1976–77 Moroccan Throne Cup

Tournament details
- Country: Morocco

Final positions
- Champions: Raja Club Athletic

= 1976–77 Moroccan Throne Cup =

The 1976–77 season of the Moroccan Throne Cup was the 21st edition of the competition.
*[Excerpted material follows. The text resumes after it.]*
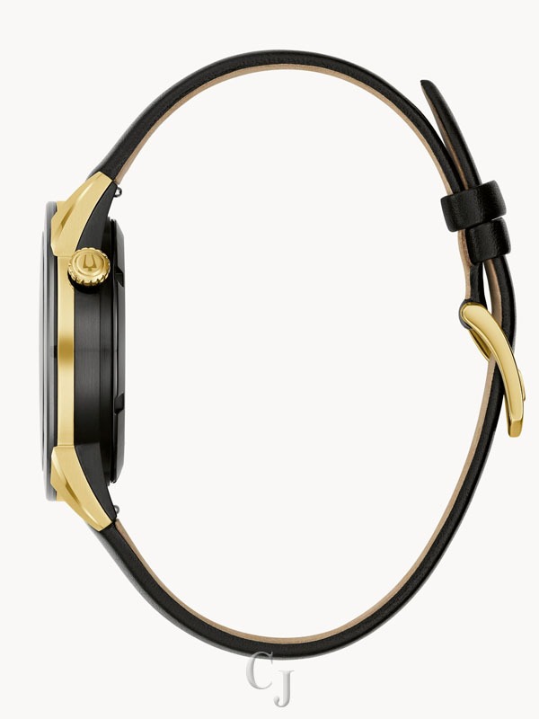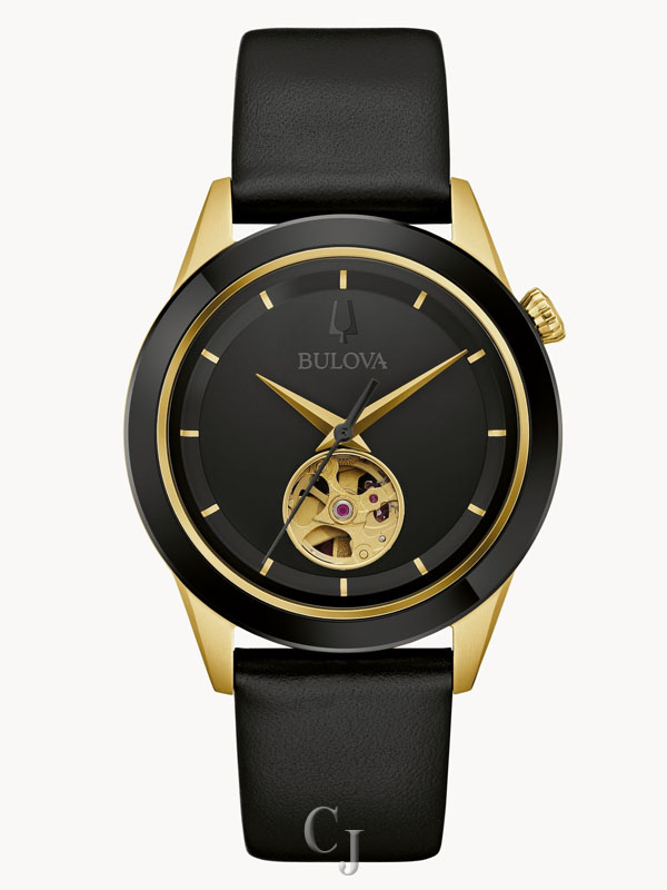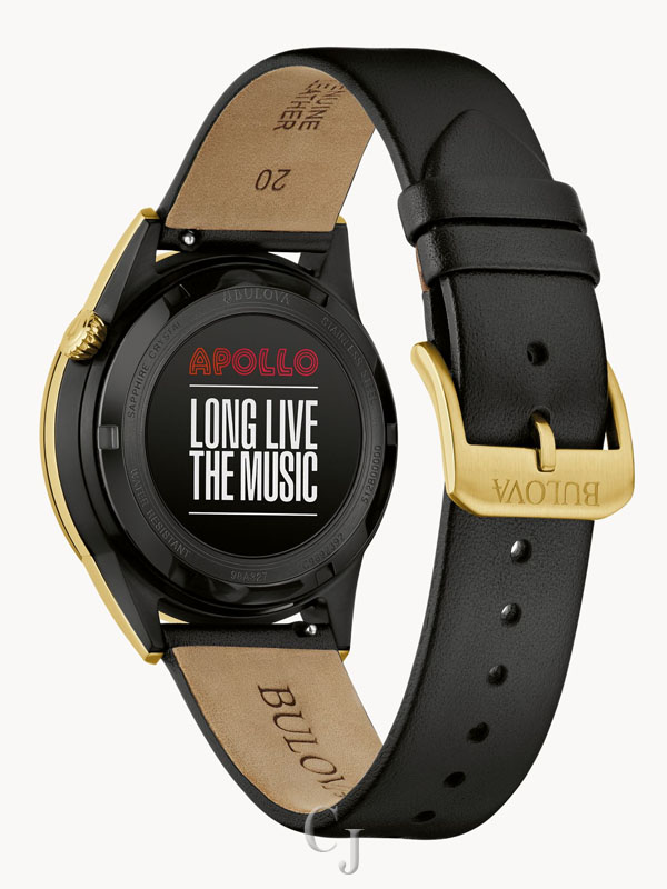 In celebration of fine watchmaking and the spirit of New York City, we present the Bulova x Apollo timepiece inspired by the legendary Apollo Theater—the soul of American culture. This automatic timepiece from our Modern collection blends a sleek modern design with a mechanical heart to ensure you never miss a beat. The 40mm two-tone case features black IP-coated and gold-tone stainless steel and an edge-to-edge metallized crystal, with a black leather strap with a pin-buckle closure. The deep black dial is accented by gold-tone hands and markers and an aperture that reveals the heart of the 21-jewel automatic movement, which has a 42-hour power reserve. Push your style to the edge with this instant classic from Bulova.

Raja Club Athletic won the cup, beating Difaâ Hassani El Jadidi 1–0 in the final, played at the Stade de FUS in Rabat. Raja Club Athletic won the cup for the second time in their history.

== Tournament ==
=== Last 16 ===

| Team 1 | Team 2 | Result |
|---|---|---|
| Wydad Athletic Club | Jeunesse Kénitra | 2–0 |
| Chabab Mohammédia | Wydad de Fès | 1–0 |
| Ittihad Khemisset | Renaissance de Settat | 1–1 1–3 (pens) |
| Kawkab Marrakech | Maghreb de Fès | 5–0 |
| Union de Touarga | Mouloudia Club d'Oujda | 1–1 2–4 (pens) |
| Ittihad Riadi Fkih Ben Salah | Nejm Shabab Bidawi | 0–1 |
| Amal Belksiri | Difaâ Hassani El Jadidi | 1–2 |
| Raja Club Athletic | Fath Union Sport | 1–0 |

=== Quarter-finals ===

| Team 1 | Team 2 | Result |
|---|---|---|
| Wydad Athletic Club | Mouloudia Club d'Oujda | 1–3 |
| Chabab Mohammédia | Nejm Shabab Bidawi | 2–1 |
| Difaâ Hassani El Jadidi | Kawkab Marrakech | 2–1 |
| Raja Club Athletic | Renaissance de Settat | 1–0 |

=== Semi-finals ===

| Team 1 | Team 2 | Result |
|---|---|---|
| Raja Club Athletic | Mouloudia Club d'Oujda | 3–2 |
| Difaâ Hassani El Jadidi | Chabab Mohammédia | 3–0 |

=== Final ===
The final took place between the two winning semi-finalists, Raja Club Athletic and Difaâ Hassani El Jadidi, on 17 July 1977 at the Stade de FUS in Rabat.